Nevertheless, gambling remains a local passion. They bet on evening greyhoud races, and even the old men who can be seen in the city's many gardens, are gambling. They sit in cosy huddles playing Chinese games, smoking, and eexchanging the latest gossip.
澳门自从1999年12月20日在经过112年葡萄牙殖民统治回归中国后基本上保持原貌,因而游客们对它还是情有独钟的。
澳门的居民认为这次移交仅仅是一个管理上的变化。的确,在今天的大街上你看到的葡萄牙人越来越少,但是这儿的依然是欧洲风格与远东传统文化不同寻常的融合点,这使得它具有独特的城市风格。
与比它大得多的近邻香港一样,澳门现在是中国的特别行政区,但是它特殊资本主义制度将保持50年不变。

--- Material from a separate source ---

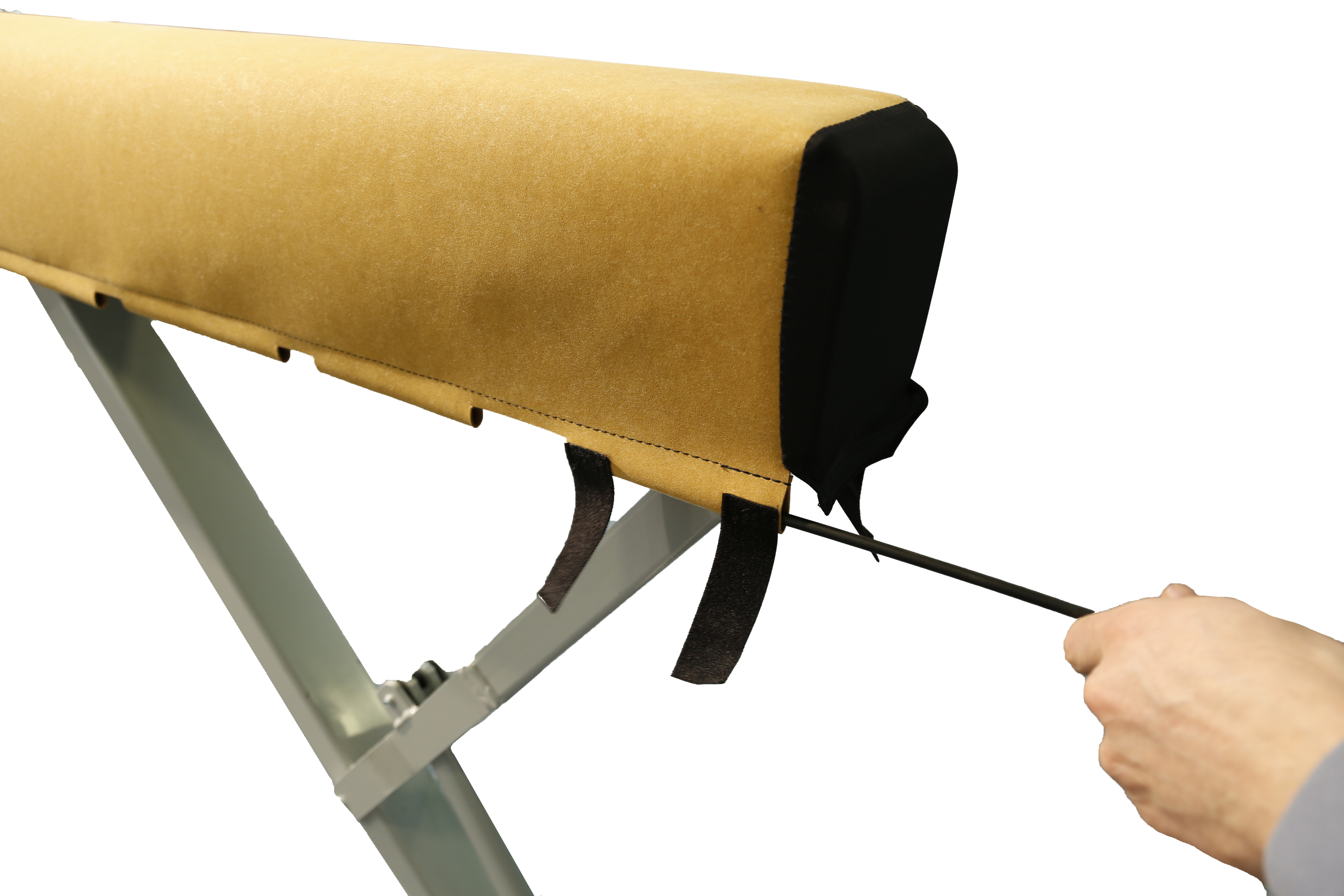 Einfach anzubringen und auch wieder zu entfernen. Die vorhandene Polsterung wird dabei nicht beschädigt. Geeignet für Schwebebalken "Club"und "Soft Touch" in einer Länge von 5m. Der Überzug wird mit Klettband befestigt, woduch die Spannung des Überzugs optimal eingestellt werden kann.

当你从香港的渡船上第一次看到澳门的时候,它看起来并不那么美丽动人。同香港那些雄伟壮丽的玻璃摩天大楼相比,澳门这个城市的空中轮廓显得呆板。改变他们的第一印象,因为他们只在澳门的游览一天。但是这样看待这座两种文化风格的城市是不公平的,你将看不到很多有趣的奥秘。
两年前开业的澳门博物馆对半岛的过去和现在提供了极好的介绍。
离博物馆不远就是这个城市最具有标志性的建筑:圣保罗废墟,这是建于1602年的基督教教堂,尽管今天只有它那雄伟的石头砌成的正面留了下来。
大多数澳门居民是佛教徒,约占7%的天主教徒和宗教故址证明这里是东西方文化特殊的交汇点。葡萄牙人统治时期遗留下来的教堂,也有很多风格不一的寺庙。
这些寺庙中的宁静和澳门城市中的喧闹形成鲜明的对比。位于具有众多小巷的殖民的风格的建筑群一侧生机勃勃的行人区一点也不会使人联想到。
位于中国东南沿海的澳门,包括澳门半岛和两个位于珠江三角洲的凼仔岛和路环岛。45万澳门居民中96%的人祖籍是中国。无论是谁在这儿逗留几天便很快意识到这个城市并不大,但让人接受和富有魅力。你很快就能够辨认出一些面孔,甚至对这个城市的不定期货船也变得熟悉起来。虽然旅游部门应使澳门是个有生气的现代化城市,但与香港相比,它真正的魅力在于它的宁静和令人放松。
但是澳门也是一个实行资本主义制度的富裕城市。它每年人均生产总值已经超过17,000美元,是亚洲最为富有的地区之一。这主要得益于博彩业。40%的政府收入来自这里的众多的赌场,中国惟一合法的经营的赌场。这里也是众多香港人的游乐场,尤其是在周末的时候。
穿着工作服,在烟雾缭绕和浑浊的空气中,赌博的人蜂拥着挤进主厅。这里有成排的赌桌。大宗的金钱在这儿易手,通常最后进入澳门政府的钱柜。很多赌徒在这里变得一文不名,而众多的典当经纪人在里斯本旅馆附近的大街上建立起自己的商店。
然而当地人仍然对赌博很钟情。他们在晚上的灰狗比赛中下赌注,甚至你了可以看到老年人在这个城市中的很多花园中赌博。他们懒散地围坐在一起下中国象棋,吸着烟,并相互传播着最新的小道消息。